7.On-chip synchronous pumped $χ^{(3)}$ optical parametric oscillator on thin-film lithium niobate

Authors:Rebecca Cheng, Mengjie Yu, Amirhassan Shams-Ansari, Yaowen Hu, Christian Reimer, Mian Zhang, Marko Lončar

Abstract: Optical parametric oscillation (OPO) has widely been utilized as a means of generating light with wide spectral coverage from a single pump laser. These oscillators can be driven using either continuous-wave (CW) light, which only requires lining up of the pump frequency with OPO resonance, or pulsed light, which also mandates that the repetition rate of the pulse and free spectral range of the OPO cavity are carefully tuned to match each other. Advancements in nanophotonics have ignited interest in chip-scale OPOs, which enable low-footprint and high-efficiency solutions to broadband light generation. CW-pumped integrated OPO has been demonstrated using both $\chi^{(2)}$ and $\chi^{(3)}$ parametric oscillation. However, realizing pulse-driven on-chip OPO remains challenging, as microresonator cavities have limited tuning range in the FSR and resonance frequency compared to traditional bulk cavities. Here, we overcome this limitation and demonstrate a $\chi^{(3)}$ pulse-driven OPO by using a tunable on-chip femtosecond pulse generator to synchronously pump the oscillator. The output frequency comb generated by our OPO has 30-GHz repetition rate, spans 2/5 of an octave and consists of over 1400 comb lines with a pump-to-comb conversion efficiency of 10%.

8.Soliton Microcomb Generation in a III-V Photonic Crystal Cavity

Authors:Alberto Nardi, Alisa Davydova, Nikolai Kuznetsov, Miles H. Anderson, Charles Möhl, Johann Riemensberger, Tobias J. Kippenberg, Paul Seidler

Abstract: Photonic crystals, material structures in which the dielectric function varies periodically in one, two, or three dimensions, can provide exquisite control over the propagation and confinement of light. By tailoring their band structure, exceptional optical effects can be achieved, such as slow light propagation or, through the creation of photonic bandgaps, optical cavities with both a high quality factor and a small mode volume. Photonic crystal cavities have been used to realize compact nano-lasers and achieve strong coupling to quantum emitters, such as semiconductor quantum dots, color centers, or cold atoms.

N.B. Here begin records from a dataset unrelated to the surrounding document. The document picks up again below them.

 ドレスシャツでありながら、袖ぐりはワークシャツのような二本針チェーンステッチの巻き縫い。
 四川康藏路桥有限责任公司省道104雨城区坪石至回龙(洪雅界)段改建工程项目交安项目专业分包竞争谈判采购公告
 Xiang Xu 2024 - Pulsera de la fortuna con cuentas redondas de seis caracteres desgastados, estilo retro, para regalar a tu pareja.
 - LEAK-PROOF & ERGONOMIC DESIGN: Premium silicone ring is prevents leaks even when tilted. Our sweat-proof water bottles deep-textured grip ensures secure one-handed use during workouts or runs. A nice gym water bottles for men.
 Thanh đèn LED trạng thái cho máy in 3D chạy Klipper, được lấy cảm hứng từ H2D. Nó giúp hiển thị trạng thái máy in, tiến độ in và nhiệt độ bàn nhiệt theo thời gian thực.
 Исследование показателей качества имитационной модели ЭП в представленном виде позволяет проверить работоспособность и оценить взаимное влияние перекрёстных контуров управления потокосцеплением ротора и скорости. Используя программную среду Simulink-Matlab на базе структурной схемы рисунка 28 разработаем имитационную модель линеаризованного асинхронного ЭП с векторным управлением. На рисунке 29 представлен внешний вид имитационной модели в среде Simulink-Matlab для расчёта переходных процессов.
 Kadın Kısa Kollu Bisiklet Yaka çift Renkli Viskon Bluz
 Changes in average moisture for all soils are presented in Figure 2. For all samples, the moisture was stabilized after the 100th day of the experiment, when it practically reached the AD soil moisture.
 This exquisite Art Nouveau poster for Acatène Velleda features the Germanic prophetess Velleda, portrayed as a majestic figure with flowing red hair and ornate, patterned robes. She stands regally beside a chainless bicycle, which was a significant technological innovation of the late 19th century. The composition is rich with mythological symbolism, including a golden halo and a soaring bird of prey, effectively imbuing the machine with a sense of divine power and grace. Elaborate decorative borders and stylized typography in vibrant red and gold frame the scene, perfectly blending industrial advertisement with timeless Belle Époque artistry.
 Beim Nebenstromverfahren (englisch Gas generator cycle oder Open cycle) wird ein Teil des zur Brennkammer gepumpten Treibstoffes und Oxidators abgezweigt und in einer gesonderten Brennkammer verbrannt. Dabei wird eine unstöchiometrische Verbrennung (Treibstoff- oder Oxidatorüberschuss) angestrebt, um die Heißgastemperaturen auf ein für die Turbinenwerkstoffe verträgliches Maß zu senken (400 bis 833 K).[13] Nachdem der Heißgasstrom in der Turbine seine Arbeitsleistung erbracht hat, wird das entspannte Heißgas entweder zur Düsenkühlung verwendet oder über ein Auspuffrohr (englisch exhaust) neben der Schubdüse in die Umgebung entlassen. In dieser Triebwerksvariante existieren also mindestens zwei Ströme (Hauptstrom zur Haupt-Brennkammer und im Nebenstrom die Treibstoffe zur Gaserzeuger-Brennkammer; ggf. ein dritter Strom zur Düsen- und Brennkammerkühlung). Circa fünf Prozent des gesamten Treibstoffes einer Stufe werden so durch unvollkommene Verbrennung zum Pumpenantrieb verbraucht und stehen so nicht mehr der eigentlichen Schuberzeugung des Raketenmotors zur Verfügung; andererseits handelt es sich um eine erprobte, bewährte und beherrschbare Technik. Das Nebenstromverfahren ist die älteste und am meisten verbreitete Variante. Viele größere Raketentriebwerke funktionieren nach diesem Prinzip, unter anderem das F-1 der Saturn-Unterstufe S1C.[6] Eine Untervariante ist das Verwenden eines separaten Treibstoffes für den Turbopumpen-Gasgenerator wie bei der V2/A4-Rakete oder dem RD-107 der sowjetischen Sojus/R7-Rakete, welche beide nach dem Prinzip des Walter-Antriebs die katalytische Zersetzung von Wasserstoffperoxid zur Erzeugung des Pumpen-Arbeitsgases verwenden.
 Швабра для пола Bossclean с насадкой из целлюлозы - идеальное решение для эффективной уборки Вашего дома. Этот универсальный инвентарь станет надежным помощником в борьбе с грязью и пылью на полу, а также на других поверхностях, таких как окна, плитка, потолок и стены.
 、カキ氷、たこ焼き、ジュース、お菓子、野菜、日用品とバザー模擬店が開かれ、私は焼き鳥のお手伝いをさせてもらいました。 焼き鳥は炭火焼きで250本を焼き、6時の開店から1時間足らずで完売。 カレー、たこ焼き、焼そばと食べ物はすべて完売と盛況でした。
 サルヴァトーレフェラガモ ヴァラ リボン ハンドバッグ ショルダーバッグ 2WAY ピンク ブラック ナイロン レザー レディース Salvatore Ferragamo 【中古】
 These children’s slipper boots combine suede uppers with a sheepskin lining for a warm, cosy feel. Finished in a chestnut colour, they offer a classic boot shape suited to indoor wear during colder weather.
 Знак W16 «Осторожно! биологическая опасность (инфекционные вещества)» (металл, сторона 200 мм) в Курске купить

A useful attribute of photonic crystals is the ability to create chirped mirrors. Chirping has underpinned advances in ultra-fast lasers based on bulk mirrors, but has yet to be fully exploited in integrated photonics, where it could provide a means to engineer otherwise unattainable dispersion profiles for a range of nonlinear optical applications, including soliton frequency comb generation. The vast majority of integrated resonators for frequency combs make use of microring geometries, where only waveguide width and height are varied to engineer dispersion. Generation of frequency combs has been demonstrated with one-dimensional photonic crystal cavities made of silicon nitride, but the low index contrast prevents formation of broad soliton combs. We overcome these challenges by using a photonic-crystal Fabry-P\'erot resonator made of gallium phosphide, a material with a high refractive index and a Kerr nonlinearity 200 times larger than that of silicon nitride. We employ chirped photonic crystal mirrors to provide anomalous dispersion. With subharmonic pulsed pumping at an average power of 23.6 mW, we are able to access stable dissipative Kerr frequency combs. We demonstrate soliton formation with a 3-dB bandwidth of 3.0 THz, corresponding to a pulse duration of 60 fs.